What about this OpenCL kernel is causing the error CL_INVALID_COMMAND_QUEUE

I'm having a problem implementing a Feed-Forward MultiLayer Perceptron, with back-prop learning in OpenCL in Java, using JOCL. Here is the kernel code for the calculation phase:

    #pragma OPENCL EXTENSION cl_khr_fp64 : enable
    __kernel void Neuron(__global const double *inputPatterns,
                           __global double *weights,
                           __global const int *numInputs,
                           __global const int *activation,
                           __global const double *bias,
                           __global const int *usingBias,
                           __global double *values,
                           __global const int *maxNumFloats,
                           __global const int *patternIndex,
                           __global const int *inputPatternSize,
                           __global const int *indexOffset,
                           __global const int *isInputNeuron,
                           __global const int *inputs)
    {
       int gid = get_global_id(0);
       double sum = 0.0;
       for(int i = 0; i < numInputs[gid+indexOffset[0]]; i++)
       {
           sum += values[inputs[(gid+indexOffset[0]) * maxNumFloats[0] + i]] *
                   weights[(gid+indexOffset[0]) * maxNumFloats[0] + i];
       }
       if(usingBias[gid+indexOffset[0]])
           sum += bias[gid+indexOffset[0]];
       if(isInputNeuron[gid+indexOffset[0]])
           sum += inputPatterns[gid+indexOffset[0]+(patternIndex[0] * inputPatternSize[0])];
       if(activation[gid+indexOffset[0]] == 1)
           sum = 1.0 / (1.0 + exp(-sum));
       values[gid + indexOffset[0]] = sum;
    }

Basically, I run this kernel for each layer in the network. For the first layer, there are no "inputs", so the loop does not execute. As the first layer is an input node layer however, it does add the relevant value from the input pattern. This executes fine, and I can read back the values at this point.
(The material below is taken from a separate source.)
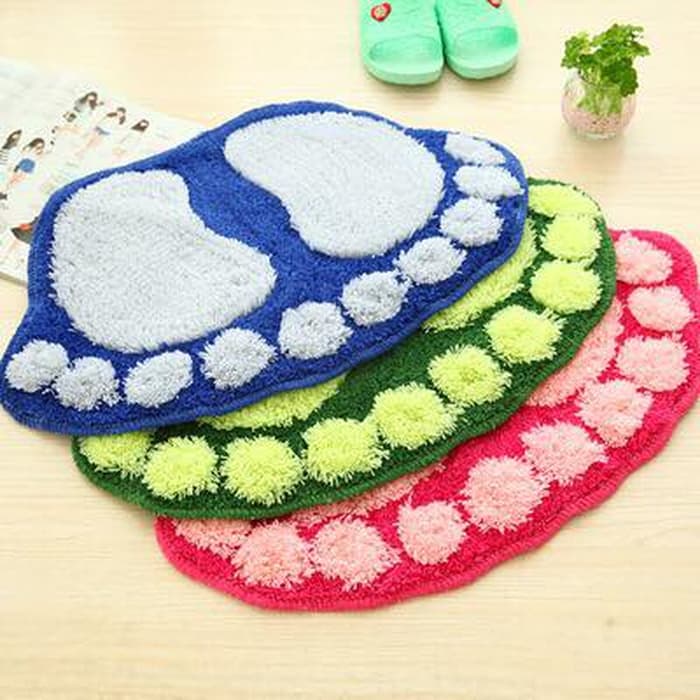 Keset yang satu ini unik dan lucu banget karena berbentuk jejak kaki yang lengkap, kiri dan kanan. Kalau sedang iseng, kamu bisa sesuaikan kakimu di kedua jejak itu.

When I try and run the SECOND layer however (which does have inputs, every node from the first layer), a call to clFinish() returns the error CL_INVALID_COMMAND_QUEUE. Sometimes this error is coupled with a driver crash and recovery. I have read around (here for example) that this might be a problem with TDR timeouts, and have made an attempt to raise the limit but unsure if this is making any difference.
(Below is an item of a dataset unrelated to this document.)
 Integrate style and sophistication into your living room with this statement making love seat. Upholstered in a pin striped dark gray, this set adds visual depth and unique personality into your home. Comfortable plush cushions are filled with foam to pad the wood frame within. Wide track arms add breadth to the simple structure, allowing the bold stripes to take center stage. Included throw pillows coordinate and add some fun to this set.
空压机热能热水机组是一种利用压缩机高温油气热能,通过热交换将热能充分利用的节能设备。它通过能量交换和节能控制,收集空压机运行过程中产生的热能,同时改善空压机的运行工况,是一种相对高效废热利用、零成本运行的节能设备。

I'm going through the calls to clSetKernelArg() to check for anything stupid, but can anyone spot anything obviously off in the code? It would seem that the error is introduced in the second layer due to the inclusion of the for loop... I can clarify any of the parameters if its needed but it seemed a bit overkill for an initial post.
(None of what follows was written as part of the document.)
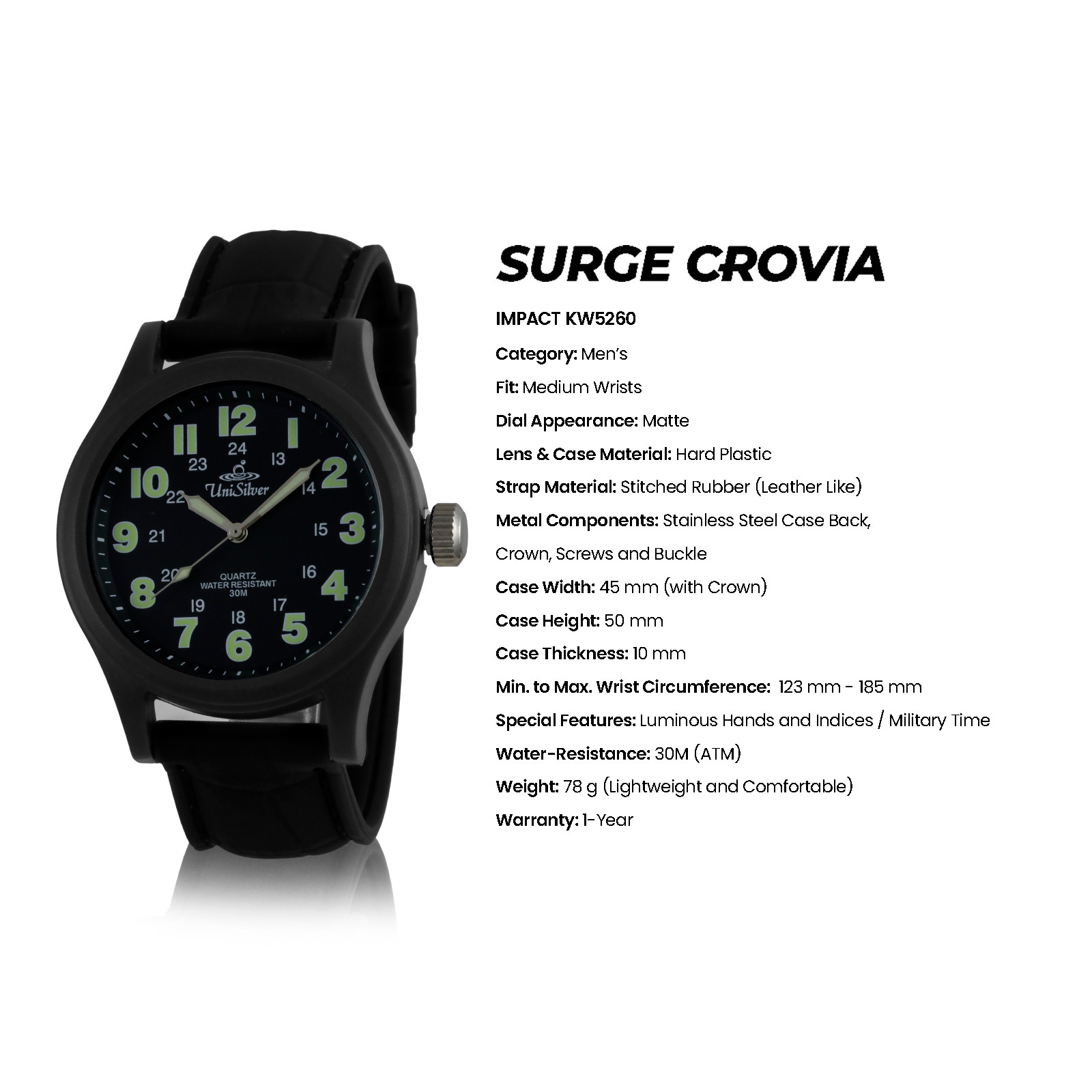 SURGE CROVIA MEN'S/ Medium/ Surge Crovia Impact/ Analog/ Luminous Hands and Indices/ Military Time/ Light Green/ Black Stitched Ruuber (Leather Like)/ KW5260-1001 Watch

Also, I'm fully aware this code will probably be an affront to competent coders everywhere, but feel free to flame :P

EDIT: Host code:

    //Calc
    for(int k = 0; k < GPUTickList.length; k++)
    {
        clFlush(clCommandQueue);
        clFinish(clCommandQueue);
        //If input nodes
        if(k == 0)
            //Set index offset to 0
            GPUMapIndexOffset.asIntBuffer().put(0, 0);
        else
            //Update index offset
            GPUMapIndexOffset.asIntBuffer().put(0,
                GPUMapIndexOffset.asIntBuffer().get(0) + GPUTickList[k-1]);
        //Write index offset to GPU buffer
        ret = clEnqueueWriteBuffer(clCommandQueue, memObjects[12], CL_TRUE, 0,
                Sizeof.cl_int, Pointer.to(GPUMapIndexOffset.position(0)), 0, null, null);             
        //Set work size (width of layer)
        global_work_size[0] = GPUTickList[k];
        ret = clEnqueueNDRangeKernel(clCommandQueue, kernel_iterate, 1,
            global_work_offset, global_work_size, local_work_size,
            0, null, null);
    }

EDIT 2: I've uploaded the full code to pastebin.

2012-04-03 21:16
by chrisvarnz

Do you have a portion of your host code to share? I doubt there is a problem with the kernel itself if it runs for the 1st layer of neurons. Also, have you tried clWaitForEvents() instead of clFinish() - mfa 2012-04-04 02:09

Sure, added the bit where this kernel is enqueued in a loop, can post more if needed, just say what - chrisvarnz 2012-04-04 02:23

Solved. Fixed the error by making everything indexed with [0] a straight kernel parameter, rather than a buffer. Clearly the hardware doesn't like lots of stuff accessing one particular element of a buffer at once.

2012-04-04 19:41
by chrisvarnz

I'm not sure about what you have above the loop.. do you use the queue other than in this loop? Below is something you may want to try out.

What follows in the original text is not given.